* _Exercise_: Find the line containing "- 广东汉语言文学自考本科科目(2026最新) 2026-03-05" in the records below. Copy exactly that line and each one after it, ending at the line containing "ZXR10 5250-52TC采用1 U(1", and nothing more.
--- Provided entries Enclosed Below ---
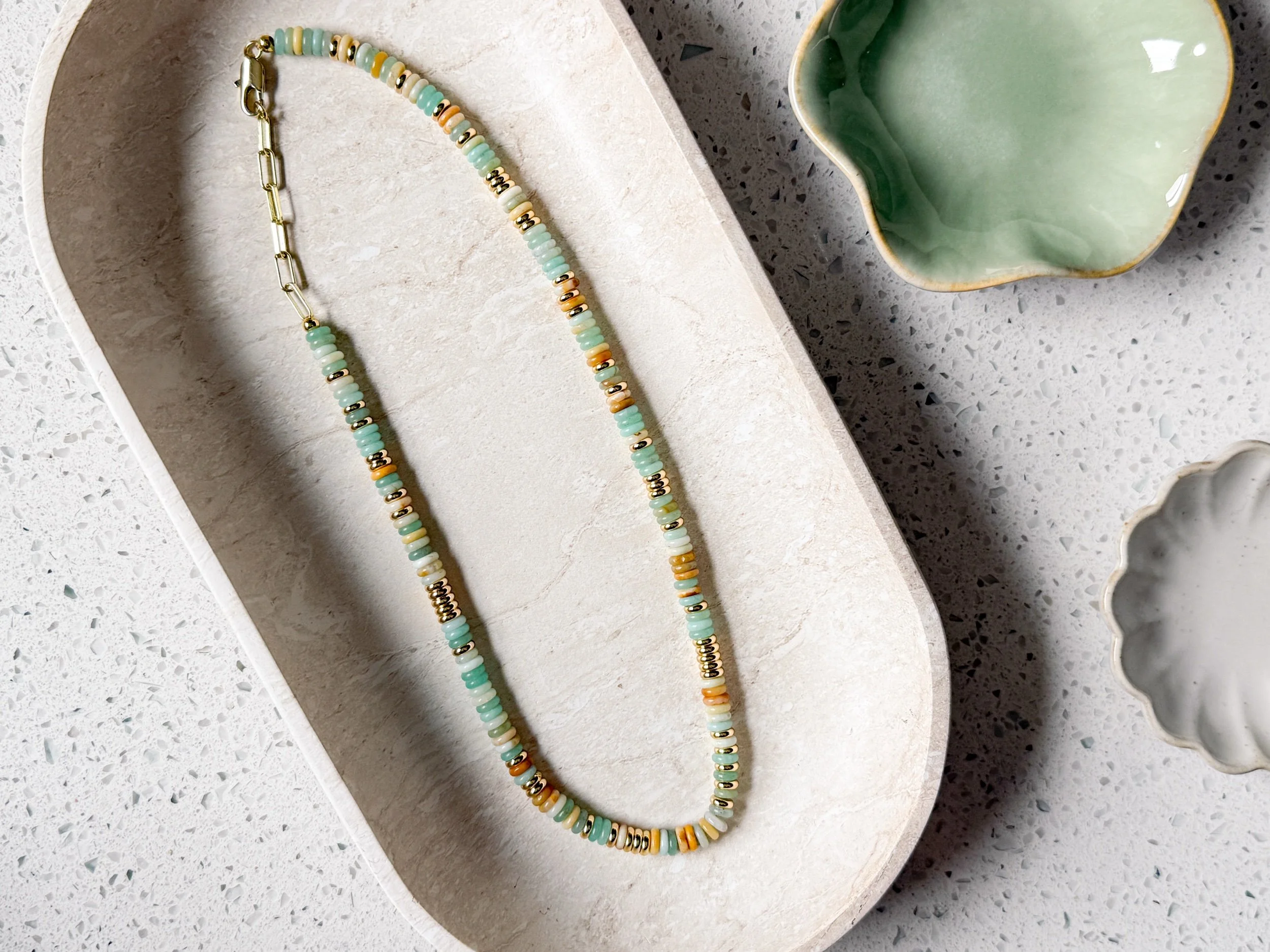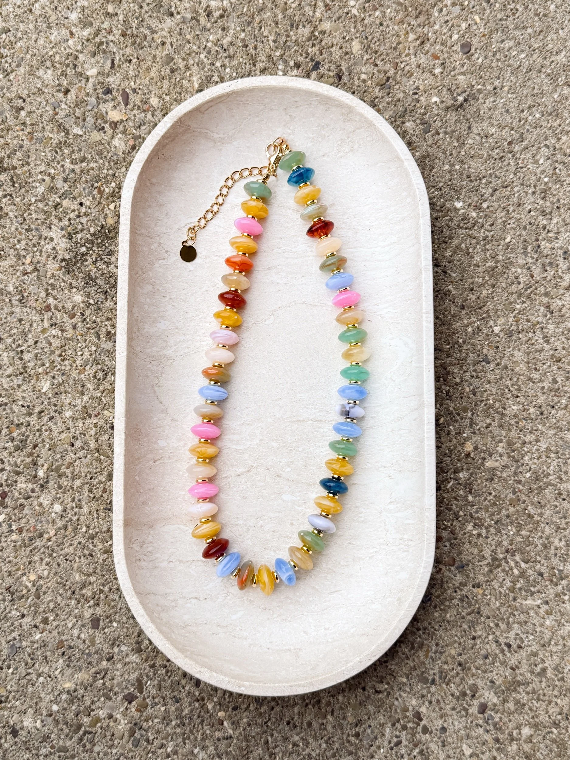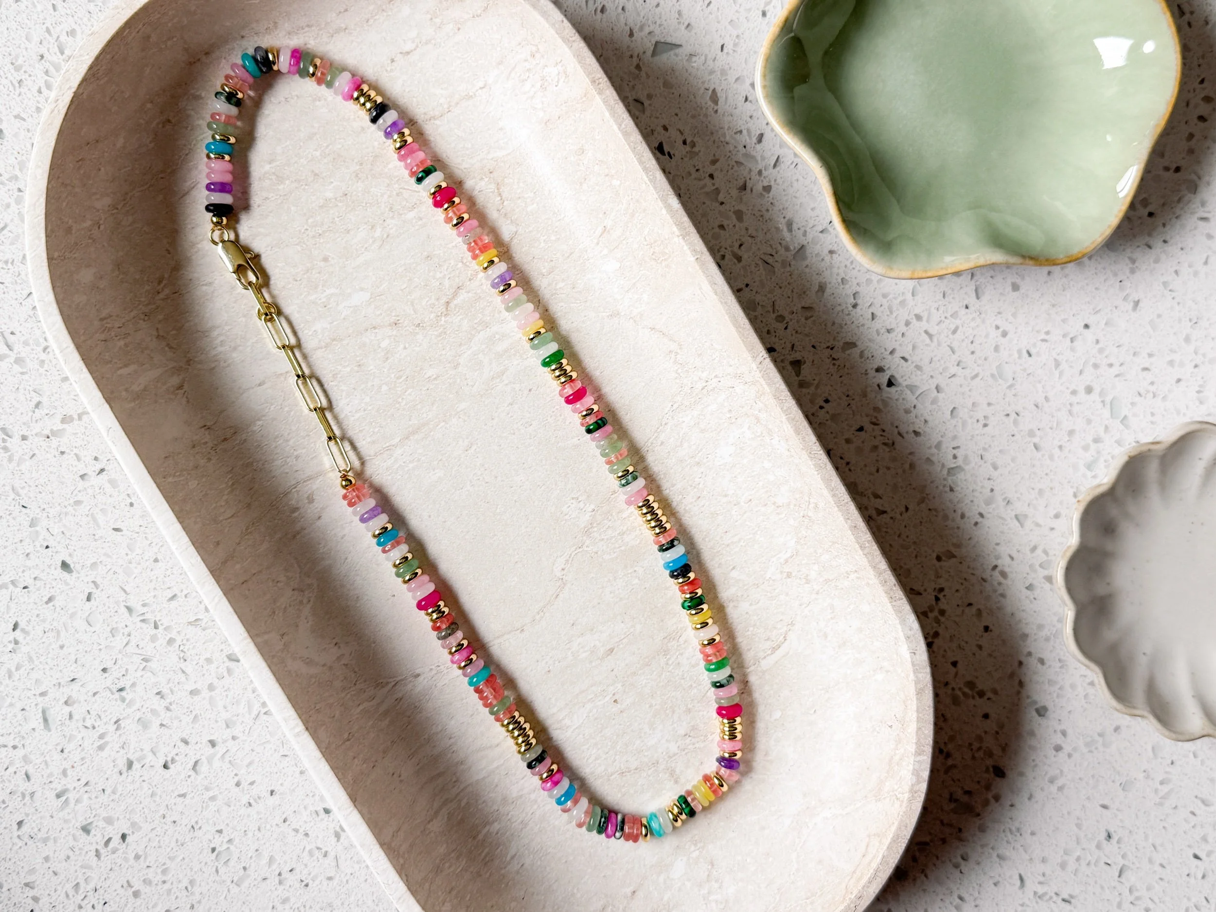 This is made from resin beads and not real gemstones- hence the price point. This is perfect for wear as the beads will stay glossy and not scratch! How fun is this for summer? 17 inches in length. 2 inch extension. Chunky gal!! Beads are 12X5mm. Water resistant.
--- End of Enclosed Provided entries ---
--- Provided entries Enclosed Below ---
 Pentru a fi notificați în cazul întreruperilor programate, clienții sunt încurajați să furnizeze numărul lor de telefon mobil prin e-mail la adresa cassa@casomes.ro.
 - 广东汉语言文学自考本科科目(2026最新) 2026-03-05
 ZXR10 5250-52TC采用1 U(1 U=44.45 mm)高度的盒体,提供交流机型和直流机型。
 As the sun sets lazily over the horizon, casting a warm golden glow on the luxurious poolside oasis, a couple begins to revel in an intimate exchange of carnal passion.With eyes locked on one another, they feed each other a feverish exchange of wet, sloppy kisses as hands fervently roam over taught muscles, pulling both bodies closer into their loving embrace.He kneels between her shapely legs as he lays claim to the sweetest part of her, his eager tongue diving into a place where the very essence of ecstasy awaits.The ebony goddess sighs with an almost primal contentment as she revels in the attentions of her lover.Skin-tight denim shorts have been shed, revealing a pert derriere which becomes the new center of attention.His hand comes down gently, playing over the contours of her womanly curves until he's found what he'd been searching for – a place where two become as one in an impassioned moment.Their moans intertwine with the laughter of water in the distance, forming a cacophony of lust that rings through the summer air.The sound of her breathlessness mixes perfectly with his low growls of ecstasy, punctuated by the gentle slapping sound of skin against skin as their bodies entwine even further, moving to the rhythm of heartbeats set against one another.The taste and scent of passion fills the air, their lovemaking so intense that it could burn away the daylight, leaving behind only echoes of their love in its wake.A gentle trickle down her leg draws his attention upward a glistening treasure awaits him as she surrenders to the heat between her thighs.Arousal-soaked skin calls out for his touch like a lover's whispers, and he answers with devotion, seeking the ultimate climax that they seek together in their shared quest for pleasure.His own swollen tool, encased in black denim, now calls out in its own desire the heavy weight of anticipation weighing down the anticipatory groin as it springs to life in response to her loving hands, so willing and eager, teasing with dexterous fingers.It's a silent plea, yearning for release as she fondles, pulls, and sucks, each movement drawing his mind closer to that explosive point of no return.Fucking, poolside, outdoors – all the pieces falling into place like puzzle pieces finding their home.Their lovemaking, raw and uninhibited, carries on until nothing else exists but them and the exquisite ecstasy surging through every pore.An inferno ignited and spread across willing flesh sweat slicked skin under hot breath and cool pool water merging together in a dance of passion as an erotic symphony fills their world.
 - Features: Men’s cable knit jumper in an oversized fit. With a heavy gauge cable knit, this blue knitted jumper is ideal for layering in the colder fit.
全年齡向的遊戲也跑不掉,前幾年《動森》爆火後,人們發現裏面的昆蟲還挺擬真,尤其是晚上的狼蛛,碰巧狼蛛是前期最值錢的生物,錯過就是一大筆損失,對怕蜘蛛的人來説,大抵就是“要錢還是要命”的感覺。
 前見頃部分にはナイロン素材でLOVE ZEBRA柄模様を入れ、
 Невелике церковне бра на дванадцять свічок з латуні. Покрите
--- End of Enclosed Provided entries ---
--- Provided entries Enclosed Below ---
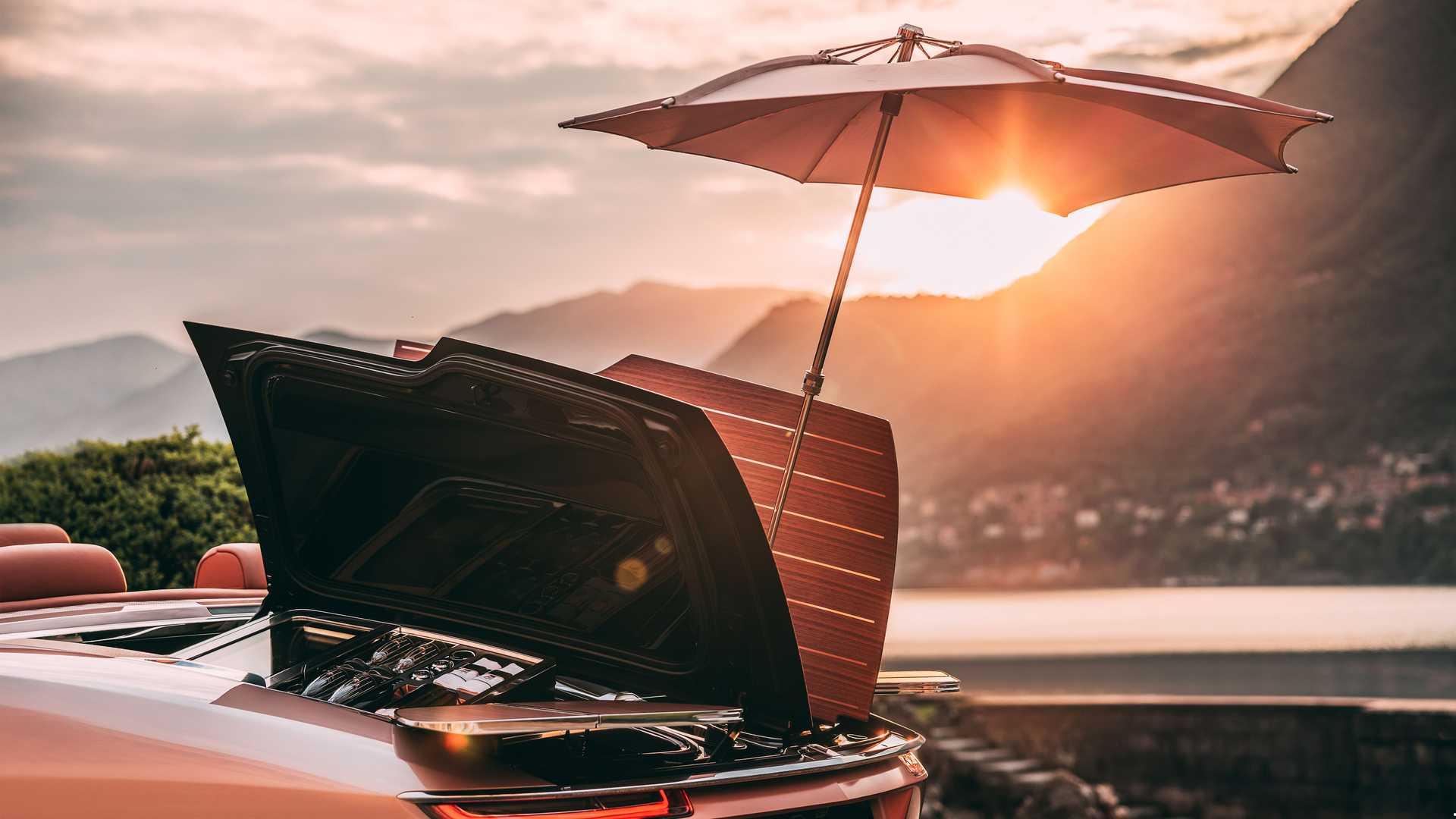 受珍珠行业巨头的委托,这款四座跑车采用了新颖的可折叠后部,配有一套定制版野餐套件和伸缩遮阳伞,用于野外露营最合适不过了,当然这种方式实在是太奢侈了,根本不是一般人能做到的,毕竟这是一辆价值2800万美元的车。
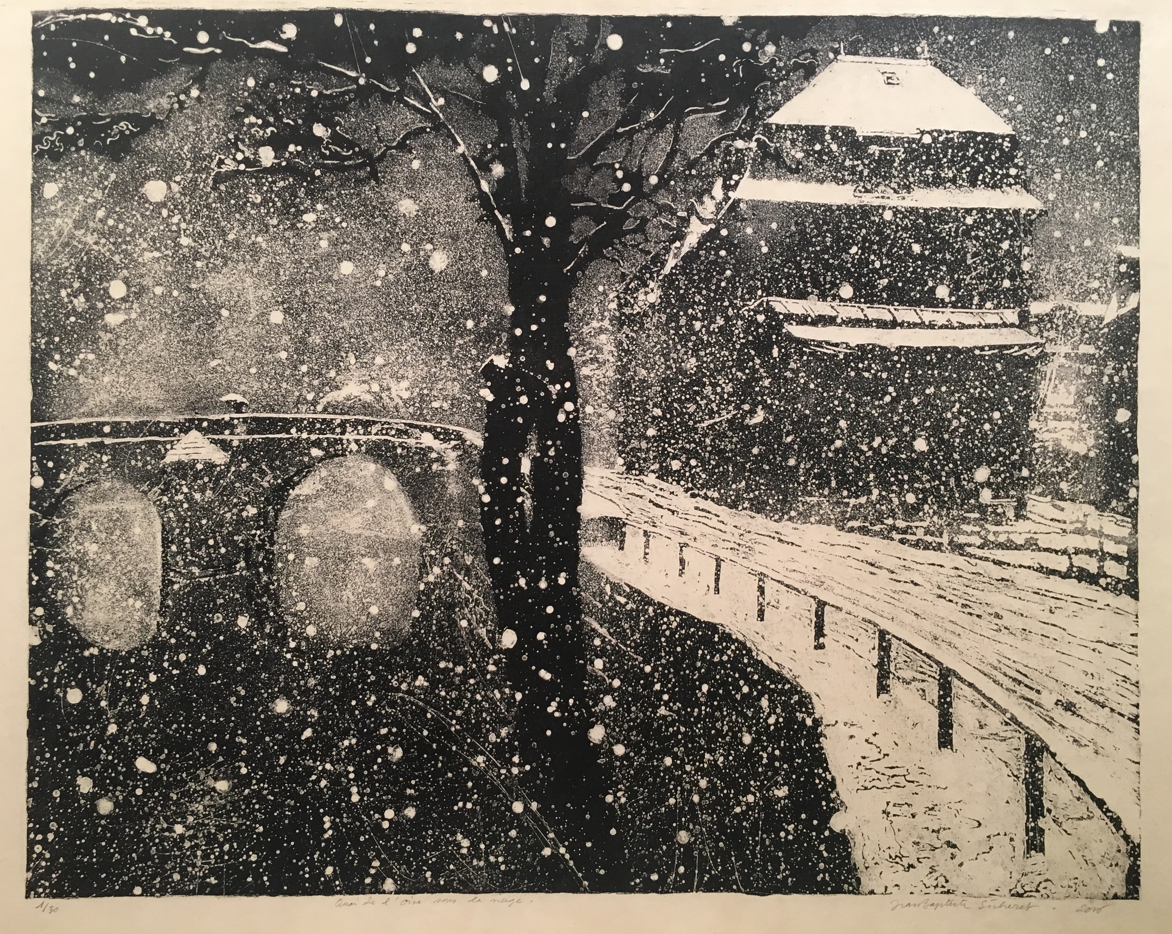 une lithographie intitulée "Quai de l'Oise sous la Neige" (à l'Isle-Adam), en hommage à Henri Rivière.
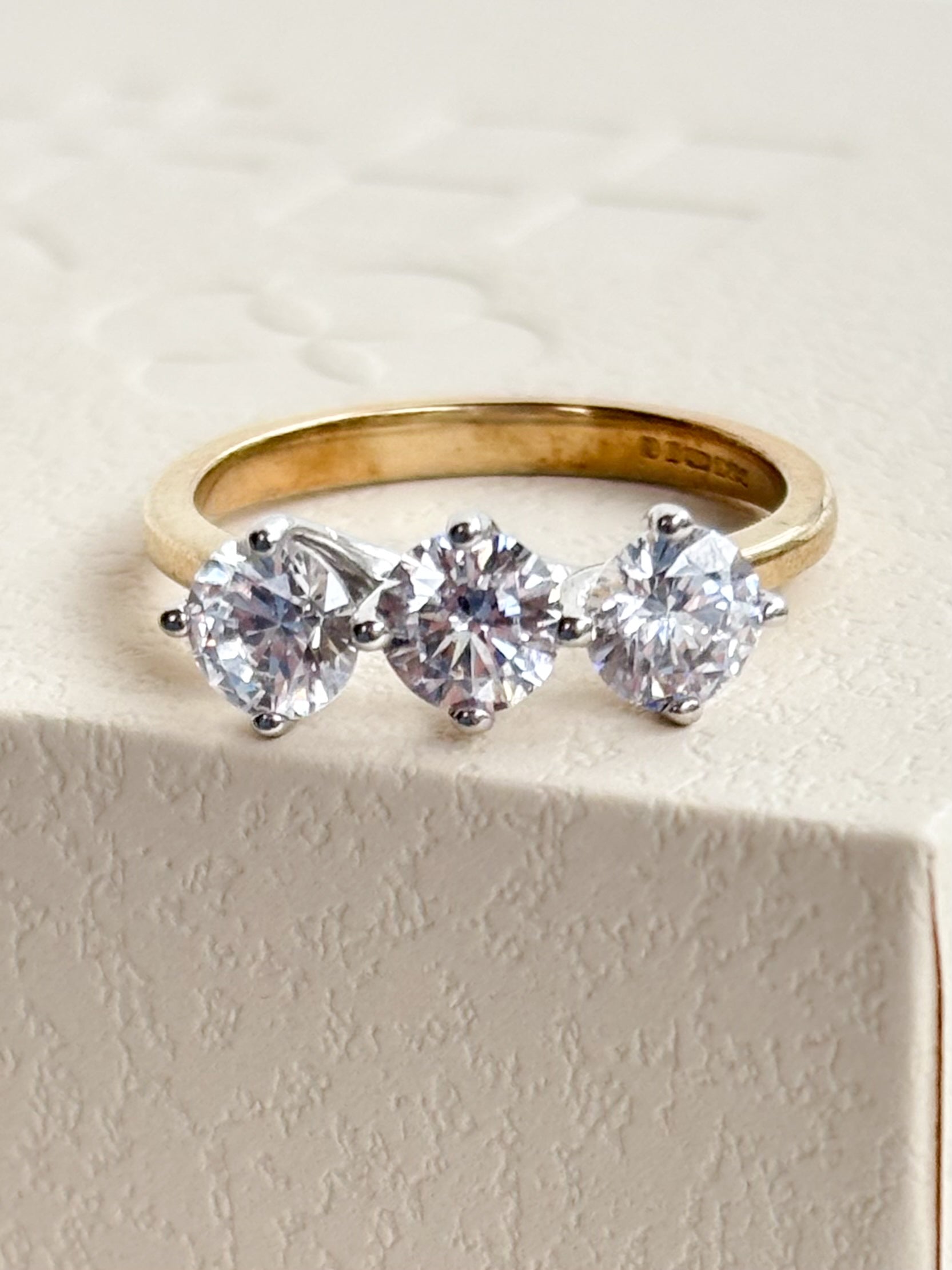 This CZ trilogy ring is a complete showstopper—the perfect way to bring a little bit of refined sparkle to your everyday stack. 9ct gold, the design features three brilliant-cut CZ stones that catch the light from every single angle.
--- End of Enclosed Provided entries ---
* _Solution for this task_:
 - 广东汉语言文学自考本科科目(2026最新) 2026-03-05
 ZXR10 5250-52TC采用1 U(1 U=44.45 mm)高度的盒体,提供交流机型和直流机型。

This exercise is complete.